The linear cryogenic 16-pole wire trap has been developed to be able to operate at temperatures below 4 K while subsequently providing the ability to couple long-wavelength radiation to the trapped molecular ion and ionic complexes cloud. This low temperature is essential for forthcoming helium-tagging experiments. Consequently, the design process focused on the optimal thermal behavior in conjunction with as thin electrodes as possible.

Figure 1 shows an exploded view of the new trap. The main trap housing is built from oxygen-free, high-conductivity copper. Good cooling behavior has been achieved primarily by significantly reducing the number of different components and thereby minimizing thermal resistances between different parts of the trap31 and, second, by the choice of materials: oxygen-free copper is ensuring high thermal conductivity at cryogenic temperatures,32 and copper electrodes have been shown to enhance the buffer gas cooling efficiency.33 

FIG. 1.

Exploded view of the main parts of the 16-pole radio frequency wire trap. The trap’s copper housing consists of a main component that provides the base and four side walls, a copper cover, and a bottom part that covers the inlets and a labyrinth structure for the buffer gas. Temperature measuring diodes are mounted in the bottom of the main part and in the top cover. Additional parts are the 16 copper wires, the printed circuit boards, two electrode stacks, two windows, and the buffer gas inlets. The outer dimensions of the copper cube are 46.5 mm (height) by 49 mm (axial length) by 52 mm (transverse width). Reprinted with permission from Spieler et al., J. Phys. Chem. A 122, 8037 (2018) Copyright (2018) American Chemical Society.

FIG. 1.

Exploded view of the main parts of the 16-pole radio frequency wire trap. The trap’s copper housing consists of a main component that provides the base and four side walls, a copper cover, and a bottom part that covers the inlets and a labyrinth structure for the buffer gas. Temperature measuring diodes are mounted in the bottom of the main part and in the top cover. Additional parts are the 16 copper wires, the printed circuit boards, two electrode stacks, two windows, and the buffer gas inlets. The outer dimensions of the copper cube are 46.5 mm (height) by 49 mm (axial length) by 52 mm (transverse width). Reprinted with permission from Spieler et al., J. Phys. Chem. A 122, 8037 (2018) Copyright (2018) American Chemical Society.

Close modal

The main component of the trap provides the four side walls of the trap housing. The inside walls of the trap housing have a flat design, ensuring that no screws or mounting features may perturb the radio frequency field. 16 oxygen-free-high-conductivity copper wires of d = 100 μm in diameter serve as electrodes. Vented drill holes in the straight solid design ensure fast evacuation time, therefore avoiding virtual leaks. The mounting of the wires is realized by soldering the wires individually to two printed circuit boards. The first connection is made without applying force, and the second end is soldered under a tension force of about 1 N to the second circuit board. The circuit boards introduce a small amount of differential thermal expansion between the copper wires and the trap housing, but this was found to be small enough to keep the wires straight at room temperature and at cryogenic temperature. Outside of the circuit boards, three cylindrical “endcap” electrodes are mounted on either side of the trap, which serve as electrostatic lenses for guiding the ions and to close the trapping volume in the axial direction.
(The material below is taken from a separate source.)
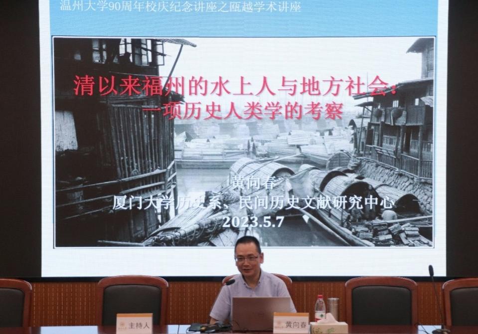 2023年5月7日下午,厦门大学历史与文化遗产学院黄向春教授应邀为吃瓜网 学子带来题为“清以来福州的水上人与地方社会——一项历史人类学的考察”的学术讲座。本场讲座系我校90周年校庆纪念之瓯越讲座。吃瓜网 黄涛教授担任本场讲座主持,历史系部分教师,及本科生、硕士生等参加本场讲座。

An optimal heat flow between the individual components of the trap is achieved via large, flat, and polished contact areas. Thread inserts of steel in the copper material allow for good mechanical connection via screws with up to M5 metric screw threads.31 With these large screws, a pressing force between the contact surfaces of several thousand Newtons can be achieved. Additionally, Apiezon N is applied to fill small surface roughnesses in order to further enhance the heat conductance between the individual parts.

The trap housing possesses two lateral openings through which optical access can be provided. Windows, mirrors, or closed lids may be mounted on these openings; at present, one laser window and one lid is installed. Behind the openings, the small diameter of the wires allows for a large open area that ensures good optical access even for long-wavelength radiation up to the terahertz (or sub-millimeter) regime (i.e., down to less than 1 THz). In case a laser beam with a diameter of 6 mm is passed to the trapped ions, only three of the wires are in front of the ion cloud resulting in 95% transmission.
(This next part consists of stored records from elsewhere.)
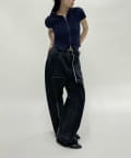 ・ルーズなボトムでメリハリをつけたスタイル、細身のボトムでY2Kスタイル、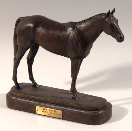 Description:"Affirmed" (standing position) bronze sculpture by Marilyn Newmark. Titled with placard at base front, "Affirmed Horse Of The Year 1978." Signed within the work with date of 1979 and limited edition numbered 46/150. Stands just under 11" tall with 3.5"x10.75" base: NM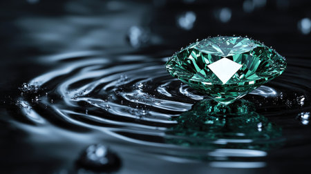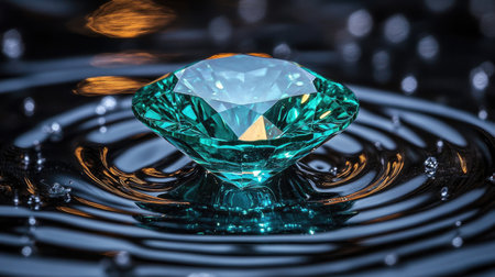 Close-up image of a teal colored diamond resting on a surface of rippling water. The diamond is highly detailed and its facets are clearly visible. The water ripples display reflections of the light and the diamond. The background is a dark surface.

The trap is mounted on a closed-cycle pulse tube cooler (Sumitomo SRP-082B2) with a nominal cooling power of 1.0 W at 4.2 K on the second stage and 40 W at 45 K on the first stage. Blackbody radiation reaching the trap is the main source of heat and subsequently to the buffer gas and the trapped ion cloud. Consequently, the copper housing of the trap is protected by an aluminum blackbody shield that is cooled by the first stage of the cryo cooler. It only leaves the ion entrance and exit to the trap and the two side windows open. The electrical connections to the trap are cooled on both the first and the second stage of the cryo cooler using small copper bobbins that serve as heat anchors. For the parts at low temperature, manganin and copper wires were chosen, while steel wires were installed to connect to the feedthroughs through the vacuum vessel.

The trap is equipped with two different gas inlets allowing mixtures of different buffer gases and for creating tagged ions or for investigating ion–molecule reactions. One of the inlets is connected to a self-built piezo-electric valve to allow for pulsed buffer gas input and thus higher peak densities. The buffer gas lines are thermalized on the first and on the second stage of the coldhead. On the first stage, a large copper tube is connected to the coldhead, and two independent buffer gas lines made of smaller copper tubes are bent spirally inside it, resulting in a long precooled path. The heat flow via warm buffer gas is diminished by using teflon tubes in the warmer region between the first and the second stage. A self-designed, gas tight connection to the trap housing is mounted on the second stage of the cryo cooler stage. Thermalization of the buffer gas is achieved in the bottom of the trap housing by guiding the gas into a labyrinth structure that features several 180° bendings and ensures that the gas particles have multiple inelastic collisions with the cryogenic walls before entering the trapping region.

The temperature of the trap is monitored on the hottest and the coldest part of the trap using silicon diodes (Lakeshore DT-670) as temperature sensors. Mechanical shielding of the sensors allows for temperature monitoring during radio frequency operation. Special heat anchors and the chosen materials for both the signal wiring and the gas lines ensure minimized heat flow through the connections to the ambient room temperature.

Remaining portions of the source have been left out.